1,6 тыс. центнеров — это около 10 тысяч пудов. Интересно, сколько в районе активистов, не имеющих другой работы, если только для дополнительного их снабжения (а есть ведь еще и основное) требуется 10 тысяч пудов хлеба?
Это все поверхностные наблюдения чекистов, выполняющих в данном случае не прямые, а дополнительные свои обязанности. А если начать расследовать эти факты, да копнуть поглубже? Ясно ведь, что сокрытие урожая не обходится без взяток, что любая «неучтенка» тесно сопряжена с воровством.
Иной раз «копнуть» удается. И тогда разматываются такие клубки, что аж жутко. Вспомним еще раз уже цитировавшееся письмо секретаря парткома ЦКК КП(б)У Киселёва. Оно вовсе не ограничивается тем, что мы уже читали.
«За последнее время, в связи с выявившимися фактами грубейшего извращения линии партии, нарушения революционной законности, злоупотребления, голого администрирования и издевательского отношения к крестьянам-единоличникам, колхозникам, а кое-где и к рабочим, имевшими место в ряде районов при проведении истекшей хлебозаготовительной кампании, мобилизации средств, подготовке к весеннему севу и т. д. — мы особенное внимание уделили расследованию заявлений и жалоб на незаконные действия чл. партии, а также разбору дел об искривлении и извращении линии партии.
…Наиболее характерным является дело Глуховской верхушки.
В Глухове начиналось, как будто с пустяков — кого-то финотдельские работники неправильно обложили налогом, у кого-то поспешно изъяли, за неуплату, имущество и т. д. Когда же мы по одной жалобе выслали члена ЦКК для расследования и немного покопали на месте, то выявили настоящий гнойник и разложение ряда районных работников. Кампания по мобилизации средств (да и другие) в Глухове проводилась исключительно мерами административного нажима и репрессиями. На этой почве — пышно расцвело своеволие, массовые репрессии, присвоение вещей, незаконные конфискации, разбазаривание, хищения, взятки и т. д. Причем работники финотдела и финчасти РИК’а, чтоб обеспечить себя и прикрыть свои уголовные преступления, втянули в дело разбазаривания и конфискованного за неуплату имущества некоторых районных ответственных работников. Таким образом оказались замешанными пред. РИК’а Гречко, член партии с 1919 г., пред. горсовета Ланге… прокурор Кузьминский, врид. нач. райотдела ГПУ, отчасти и зам. пред. ККРКИ т. Францев… и ряд других — всего 25 человек.

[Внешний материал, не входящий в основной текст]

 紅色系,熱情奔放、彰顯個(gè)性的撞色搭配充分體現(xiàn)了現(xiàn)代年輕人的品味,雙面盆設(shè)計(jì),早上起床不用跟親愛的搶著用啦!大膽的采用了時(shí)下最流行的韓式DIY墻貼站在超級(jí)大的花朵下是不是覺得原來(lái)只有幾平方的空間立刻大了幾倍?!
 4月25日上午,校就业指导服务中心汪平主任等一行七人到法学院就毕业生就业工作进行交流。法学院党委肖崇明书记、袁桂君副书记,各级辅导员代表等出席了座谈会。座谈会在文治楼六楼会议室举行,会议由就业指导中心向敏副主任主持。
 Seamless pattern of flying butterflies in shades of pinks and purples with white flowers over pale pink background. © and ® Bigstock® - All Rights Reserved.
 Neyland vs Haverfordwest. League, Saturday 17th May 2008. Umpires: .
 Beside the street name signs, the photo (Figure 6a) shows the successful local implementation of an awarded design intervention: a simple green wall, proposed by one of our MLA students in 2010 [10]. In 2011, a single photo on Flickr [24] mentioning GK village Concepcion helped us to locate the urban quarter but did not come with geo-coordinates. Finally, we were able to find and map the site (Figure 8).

За короткий срок было разбазарено и расхищено имущества на 50 тысяч рублей. Доходило до того, что когда пред. РИК’а т. Гречко захотелось иметь качающееся кресло, то работники финотдела начали усиленные поиски, нашли такое кресло у какого-то инженера, придрались за что-то к нему, обложили налогом, дали весьма ограниченный срок для оплаты, потом описали кресло и доставили его Гречке. Инженер подал в РИК жалобу на незаконное обложение, РИК конечно налог снял, но кресло финотдел не возвратил, мотивируя, что оно продано с торгов и неизвестно кому…»[194]

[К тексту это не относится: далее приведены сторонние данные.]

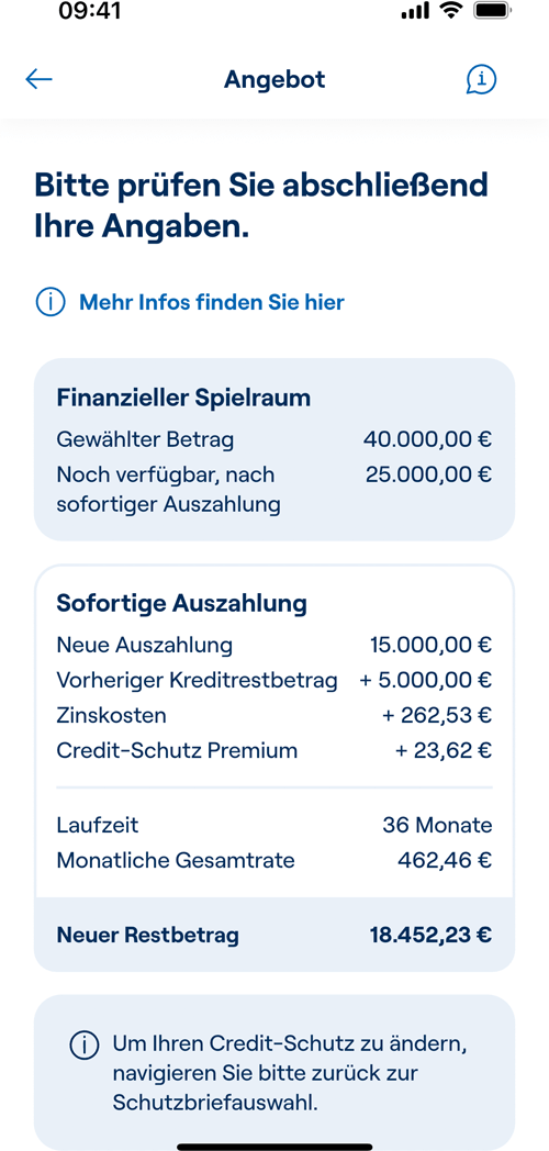 In der fairen Credit App können Sie Ihren Kredit jederzeit bequem erhöhen – eine ausreichende Bonität vorausgesetzt. Dabei schließen Sie einen neuen Vertrag ab, der Ihren bisherigen ersetzt. Viele Ihrer Daten sind bereits hinterlegt, sodass Sie nichts neu eingeben müssen – ein kurzer Check reicht, um sicherzustellen, dass alles aktuell ist.
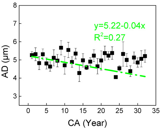 AD exhibits a gradual decreasing trend from pith to bark with increasing CA, though the linear regression shows limited fitting accuracy (R2 = 0.27) without a distinct inflection point (Figure 7).
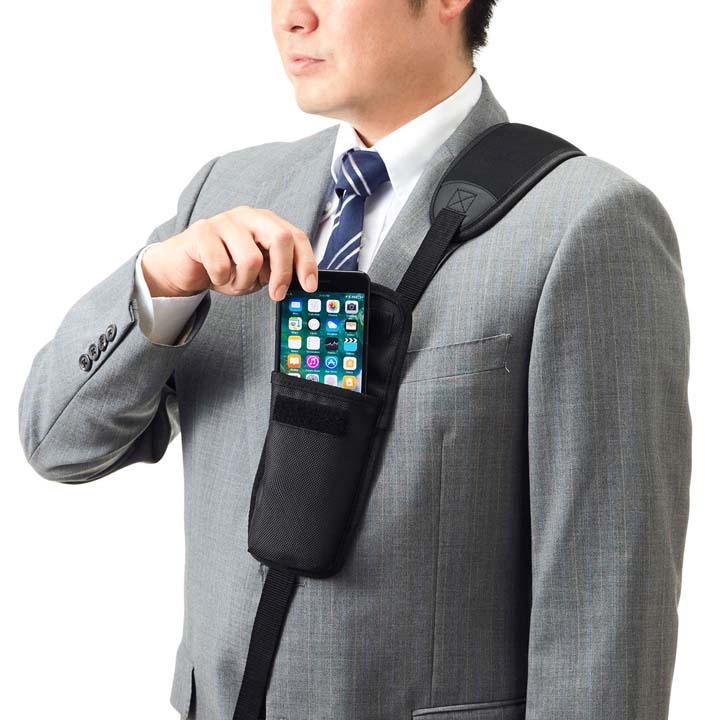 ショルダーベルト装着時は、縦でも横でもタブレットをご使用いただけます。
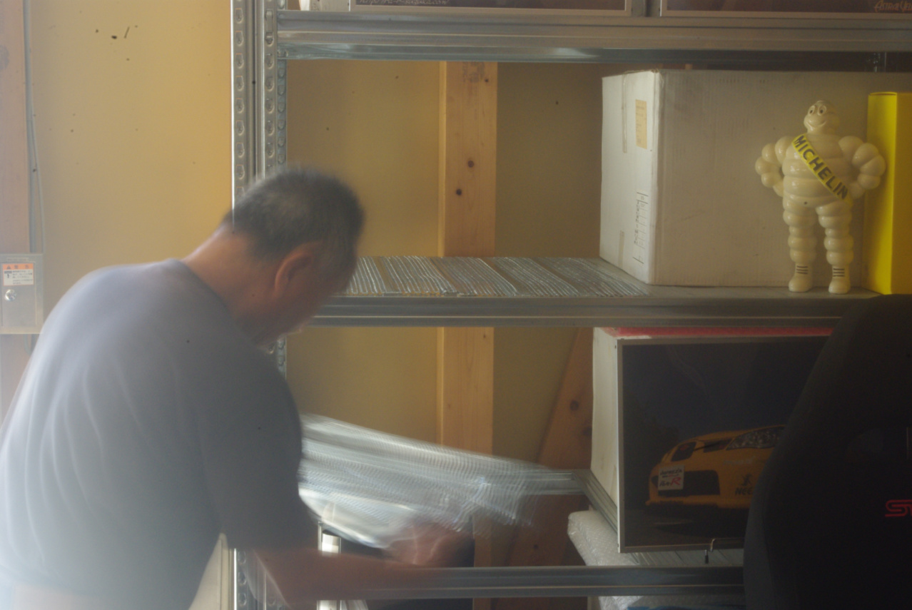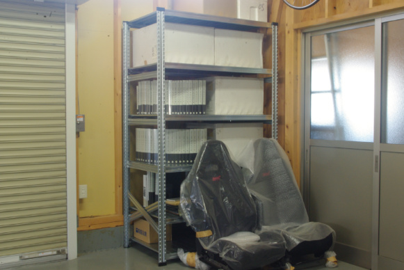 さて、早速ガレージに設置したMETALSISTEM スチール棚の例のスペースに収納しました。

Милые ребята, не правда ли? Как видим, нет никаких «застенчивых воришек», честных и грубых партийцев-перегибщиков, врагов с загадочным выражением лица и прочих киношных персонажей. Есть оборзевшая от безнаказанности сволочь, тупая, жадная и наглая. Часть этой сволочи подметут в ближайшем времени по «Указу семь-восемь», большинство остальных добьют в 1937-м, кое-кого в 1939-м. Некоторые, к сожалению, уцелеют и даже сделают карьеру…
Это и есть те, кого мы ищем, — непосредственные организаторы голода при вполне приличном урожае. Именно они разваливают все, к чему прикасаются (за исключением того, что прилипает к их рукам). Они берут взятки с хозяйств, а в те, что не платят, спускают невыполнимые планы, а потом посылают вооруженные отряды ничего не ведающих комсомольцев для их выполнения. Они же трусливо замалчивают беду тогда, когда еще можно помочь, — авось как-нибудь само рассосется, поголодают людишки, но не помрут же. К ним же относятся и те члены правления колхоза, которые в ответ на просьбы о хлебе со смехом заявляют, что социализм не пострадает.
Сейчас, впрочем, таких тоже полно. А вот стрелять их, к сожалению, уже некому…
Но мы так и не поняли: куда же девался хлеб? Да, были приписки, саботаж, «волынки», сорняки и недосевы, потери при уборке и перевозке — но не могли же они сожрать 72,8 % выращенного урожая!
Более того, если мы обратим взоры на передовые хозяйства, то увидим совершенно удивительные вещи. Колхоз «Перемога» Харьковской области. В 1932 году на трудодень выдано 1 кг 700 г хлеба и 72 копейки деньгами вместо 390 г и 39 копеек в 1931 году. Колхоз «Красный герой» (Нижняя Волга): выдано 2 кг 350 г против 1,5 кг в 1931 году. Колхоз «Красный пролетарий» (Нижняя Волга) — 2 кг 200 г хлеба на трудодень. Колхоз «Путь к новой жизни» (Нижняя Волга) — 4 кг на трудодень против 2,3 кг в 1931 году. Колхоз «Красный агроном» (Мордовская АО) — 6 кг. Колхоз «Бляк булл» (Татарская республика) — 7 кг на трудодень[195]. Большей частью все перечисленные хозяйства находятся в Поволжье, которое тоже пострадало в 1933 году от голода.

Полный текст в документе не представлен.